START Listed entries
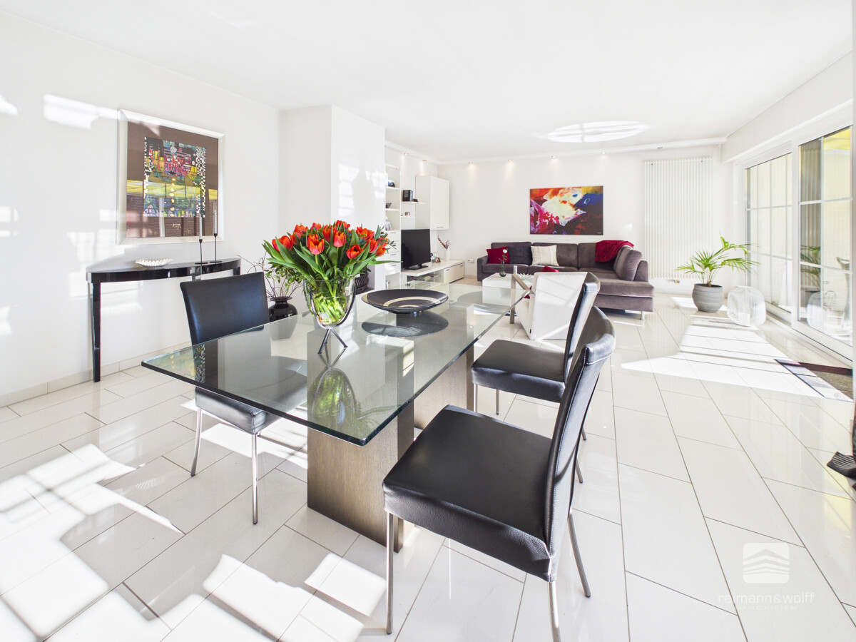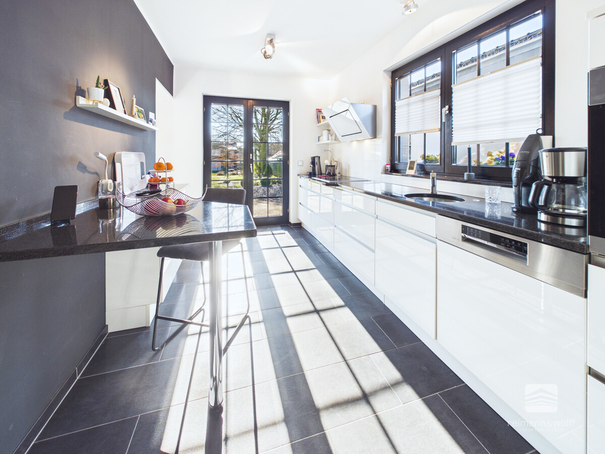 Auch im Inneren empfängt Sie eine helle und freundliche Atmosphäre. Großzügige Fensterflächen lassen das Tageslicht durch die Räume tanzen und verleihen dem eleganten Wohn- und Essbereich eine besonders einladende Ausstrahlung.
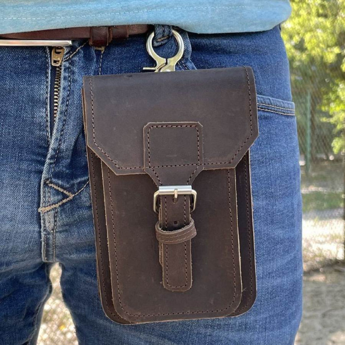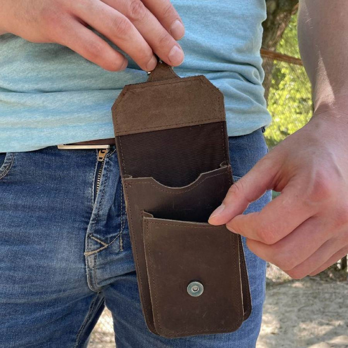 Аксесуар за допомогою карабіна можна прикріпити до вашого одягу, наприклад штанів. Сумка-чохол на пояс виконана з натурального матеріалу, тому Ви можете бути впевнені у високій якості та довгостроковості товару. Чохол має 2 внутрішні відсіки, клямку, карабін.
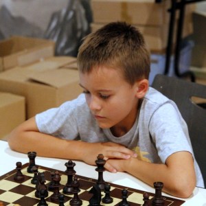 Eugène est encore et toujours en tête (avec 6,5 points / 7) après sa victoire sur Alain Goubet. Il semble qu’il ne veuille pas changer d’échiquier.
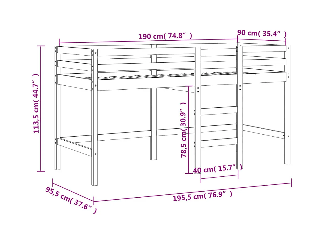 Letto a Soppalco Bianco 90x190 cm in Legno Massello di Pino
END Listed entries
START Listed entries
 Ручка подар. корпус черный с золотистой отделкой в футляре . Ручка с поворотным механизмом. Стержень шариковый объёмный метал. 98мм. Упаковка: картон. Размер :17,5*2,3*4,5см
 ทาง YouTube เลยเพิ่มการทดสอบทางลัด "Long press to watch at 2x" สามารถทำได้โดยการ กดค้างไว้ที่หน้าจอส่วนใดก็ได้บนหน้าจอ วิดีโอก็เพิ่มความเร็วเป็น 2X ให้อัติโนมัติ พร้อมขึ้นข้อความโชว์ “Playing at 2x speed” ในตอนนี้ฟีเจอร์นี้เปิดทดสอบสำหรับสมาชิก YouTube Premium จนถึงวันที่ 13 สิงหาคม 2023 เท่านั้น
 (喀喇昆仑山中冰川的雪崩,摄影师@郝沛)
END Listed entries
START Listed entries
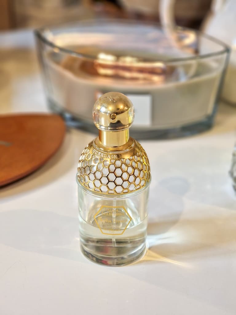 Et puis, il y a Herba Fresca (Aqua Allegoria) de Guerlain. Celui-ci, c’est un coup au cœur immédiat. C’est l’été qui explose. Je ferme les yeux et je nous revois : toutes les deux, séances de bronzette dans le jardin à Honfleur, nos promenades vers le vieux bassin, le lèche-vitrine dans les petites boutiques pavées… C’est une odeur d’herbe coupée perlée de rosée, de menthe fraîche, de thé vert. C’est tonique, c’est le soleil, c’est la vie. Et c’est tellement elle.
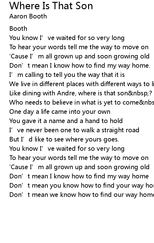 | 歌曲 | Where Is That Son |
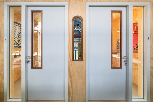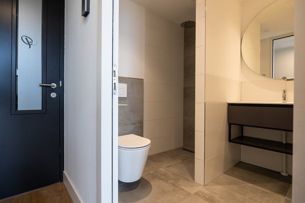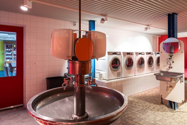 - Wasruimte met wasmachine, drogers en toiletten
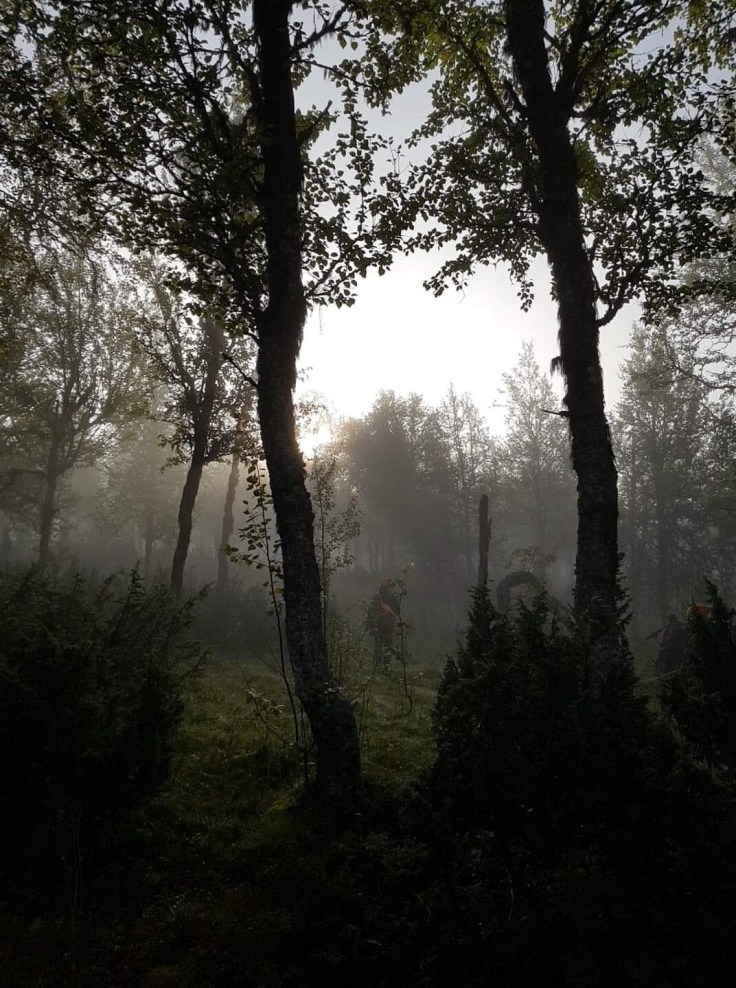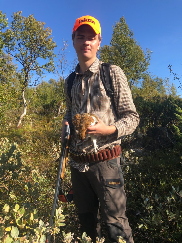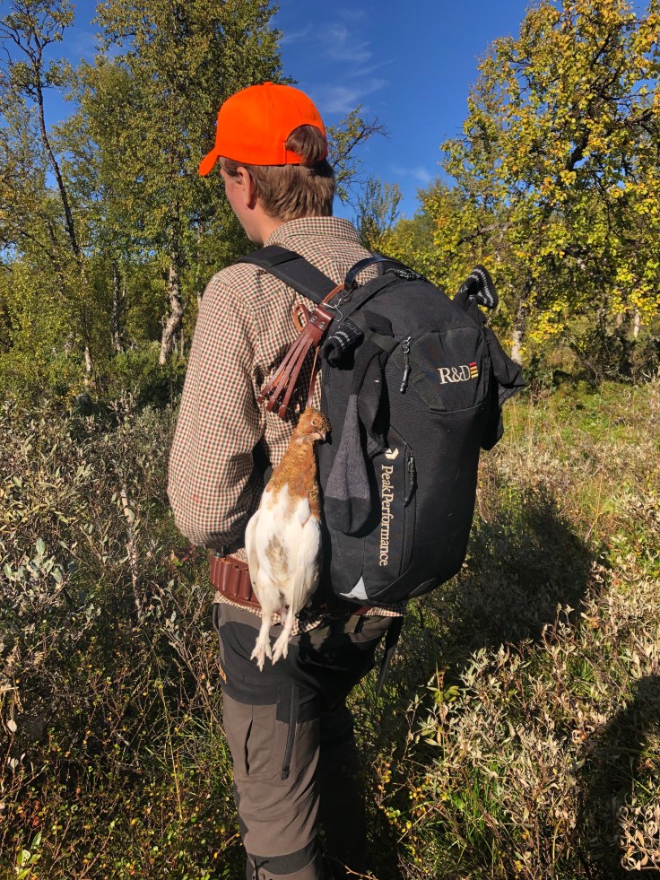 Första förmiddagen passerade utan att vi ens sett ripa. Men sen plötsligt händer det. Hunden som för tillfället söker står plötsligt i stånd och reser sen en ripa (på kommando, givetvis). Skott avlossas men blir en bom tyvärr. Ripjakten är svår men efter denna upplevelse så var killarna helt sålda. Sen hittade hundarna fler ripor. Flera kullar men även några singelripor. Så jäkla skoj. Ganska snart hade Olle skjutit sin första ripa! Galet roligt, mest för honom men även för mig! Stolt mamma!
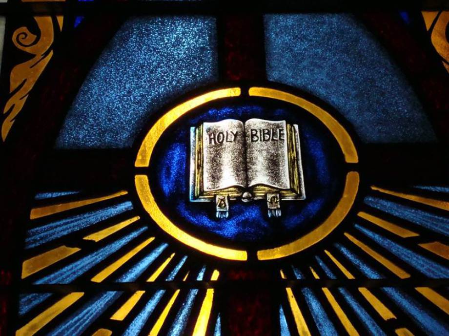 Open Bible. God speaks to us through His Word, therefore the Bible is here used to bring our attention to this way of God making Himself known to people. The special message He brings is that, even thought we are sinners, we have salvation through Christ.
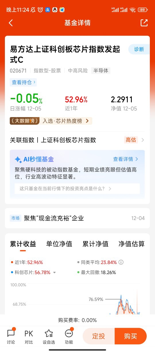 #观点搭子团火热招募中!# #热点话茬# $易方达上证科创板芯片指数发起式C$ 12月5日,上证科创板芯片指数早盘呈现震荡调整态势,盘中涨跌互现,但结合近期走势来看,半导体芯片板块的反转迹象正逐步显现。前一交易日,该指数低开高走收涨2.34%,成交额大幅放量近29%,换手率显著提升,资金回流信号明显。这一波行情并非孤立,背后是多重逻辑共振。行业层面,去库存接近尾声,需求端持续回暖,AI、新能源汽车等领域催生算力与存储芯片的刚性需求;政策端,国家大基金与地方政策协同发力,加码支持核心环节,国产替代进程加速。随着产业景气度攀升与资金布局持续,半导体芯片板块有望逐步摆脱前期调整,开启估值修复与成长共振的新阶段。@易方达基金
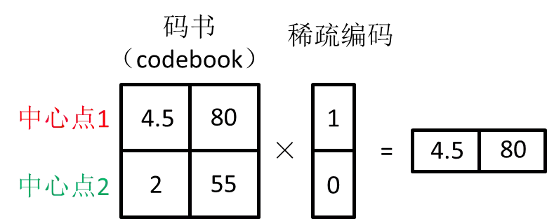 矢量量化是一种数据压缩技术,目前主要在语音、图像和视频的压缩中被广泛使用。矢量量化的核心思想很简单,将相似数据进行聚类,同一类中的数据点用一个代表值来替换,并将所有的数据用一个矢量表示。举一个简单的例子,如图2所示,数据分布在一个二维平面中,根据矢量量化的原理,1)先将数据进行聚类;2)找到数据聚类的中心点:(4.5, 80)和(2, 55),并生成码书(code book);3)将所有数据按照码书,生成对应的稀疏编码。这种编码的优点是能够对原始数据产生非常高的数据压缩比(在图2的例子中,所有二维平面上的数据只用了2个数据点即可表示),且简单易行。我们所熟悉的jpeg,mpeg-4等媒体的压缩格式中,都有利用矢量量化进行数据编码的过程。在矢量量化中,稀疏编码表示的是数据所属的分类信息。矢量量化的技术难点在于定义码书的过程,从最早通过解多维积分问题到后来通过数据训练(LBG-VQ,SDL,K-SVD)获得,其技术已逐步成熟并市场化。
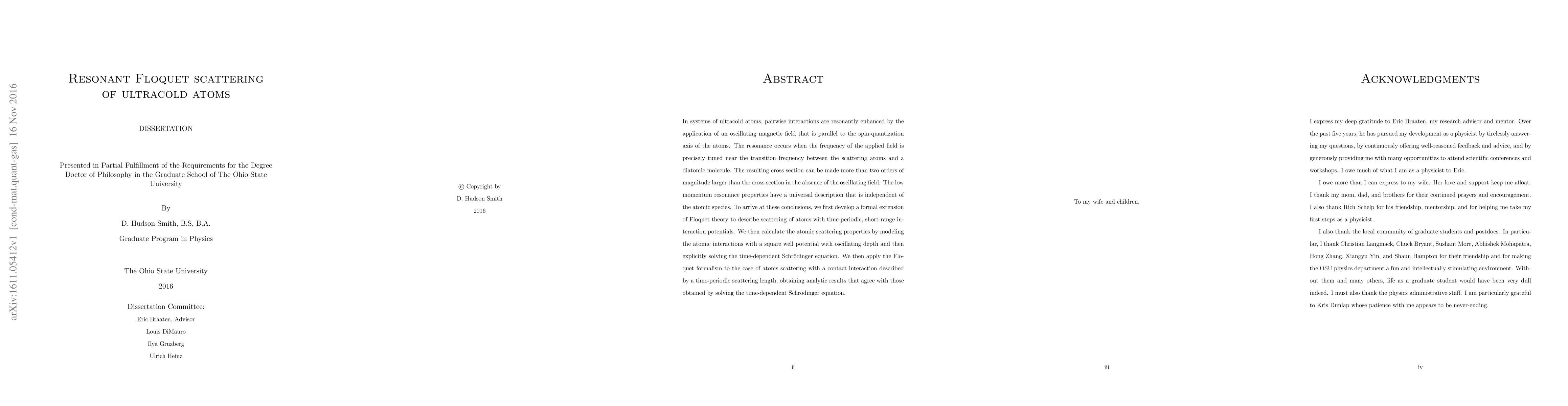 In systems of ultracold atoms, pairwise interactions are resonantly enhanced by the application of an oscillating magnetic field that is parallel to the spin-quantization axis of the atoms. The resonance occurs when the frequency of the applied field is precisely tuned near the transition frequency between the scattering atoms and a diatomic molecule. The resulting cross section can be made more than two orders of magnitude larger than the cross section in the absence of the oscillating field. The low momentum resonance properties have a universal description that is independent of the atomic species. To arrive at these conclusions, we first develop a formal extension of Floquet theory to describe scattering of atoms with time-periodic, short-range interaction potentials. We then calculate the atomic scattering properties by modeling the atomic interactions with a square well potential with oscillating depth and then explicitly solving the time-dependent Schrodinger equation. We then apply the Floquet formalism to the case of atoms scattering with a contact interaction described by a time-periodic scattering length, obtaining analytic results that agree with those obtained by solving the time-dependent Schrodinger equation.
END Listed entries
Your output should be the lines above from the one that contains "Eugène est encore" through the one that contains "Letto a Soppalco", word for word, with pictures left out.

 Eugène est encore et toujours en tête (avec 6,5 points / 7) après sa victoire sur Alain Goubet. Il semble qu’il ne veuille pas changer d’échiquier.
 Letto a Soppalco Bianco 90x190 cm in Legno Massello di Pino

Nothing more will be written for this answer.